Fri 28 Oct 2016, 12:03 GMT

Kasbar: 'This turns the whole industry upside down'


World Fuel Services CEO reflects on IMO's decision to implement a 0.5% global sulphur cap in 2020.



The chief executive officer (CEO) of World Fuels Services, Michael Kasbar [pictured], has said that Thursday's decision to implement a 0.5% cap on the sulphur content in marine fuel "turns the whole industry upside down", but is confident that his company will be able to "continue to stay in the game and just roll with the punches".

Speaking during the company's third-quarter earnings call on Thursday, Kasbar reflected on the ruling, giving his opinion on how it would affect the industry.

IMO's decision to opt for 2020 instead of 2025

Commenting on the reason for the International Maritime Organization's (IMO) decision to implement the global sulphur cap in 2020 instead of 2025, Kasbar said: "We just had the Paris Accords, so I think it would have been received as extremely, politically, unfavourable and outside of where the trend is now to not approve that for 2020."

Product availability and product mix

With an increase in demand for 100% distillate fuels and high percentage distillate-based blends from 2020, varying refining capacities and a wide range of regulation-compliant products - including alternative fuels such as liquefied natural gas (LNG), liquefied petroleum gas (LPG), methanol, ethane and biofuels - available globally, Kasbar said: "It's going to become more complex, you're going to have global imbalances in terms of various products."

Referring to the global product mix in 2020, Kasbar remarked: "It's really going to be all over the place, it's going to be all over the board."

Ship owners

Commenting on how IMO's decision will affect shipping companies, Kasbar said: "Ship owners are going to have lots of different decisions to make on investments and price differences, the availability of products."

LNG bunkering

Referring to how the company's experience in the natural gas market would help it in the LNG bunkering market, Kasbar said: "So LNG, we know a hell of a lot about that. We are moving a lot of natural gas. We have invested into liquefaction construction."

Costs

In reference to the costs involved for ship owners to install scrubbers (and the resulting payback by using lower-priced fuel), the infrastructure costs to establish an LNG bunkering network worldwide, the costs for suppliers to produce high percentage distillate-based blends with fuel oil, Kasbar said: "So you're going to have some increase in cost without question. A number of people depending on where they are and going to take different solutions. From scrubbers there is obviously a payback, you've got infrastructure in terms of LNG, you're going to have some blended fuel oil, so a lot of that is going to come into the market."

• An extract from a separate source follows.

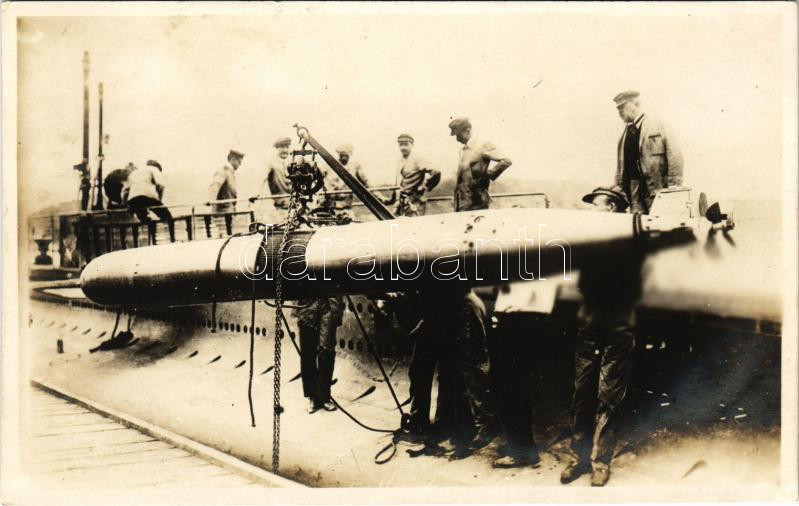 Osztrák-magyar matrózok próbálnak egy torpedót beemelni egy tengeralattjáróra / K.u.K. Kriegsmarine Unterseeboot / WWI Austro-Hungarian Navy mariners trying to load a torpedo onto a submarine. photo

"The fact remains that it's still a tough environment and we need to be a hell of a lot more cost-conscious today than we ever had been before. So we've got our work cut out for us."

Change and sustainability

Despite the challenges ahead, Kasbar was positive about how World Fuel Services would be able to cope with the new fuel regulation.

"We spend a lot of time and energy bringing folks together so that we can really leverage all of the internal capabilities. We really look forward to these types of changes, because it really allows us to show what we can do. So change is our friend, and I think it's a good day for the planet and it's a win for sustainability; we're all about sustainability in our company. All of that basically is fundamentally existing for us because of our deployment and the diversity of us being able to bring together different solutions," Kasbar said.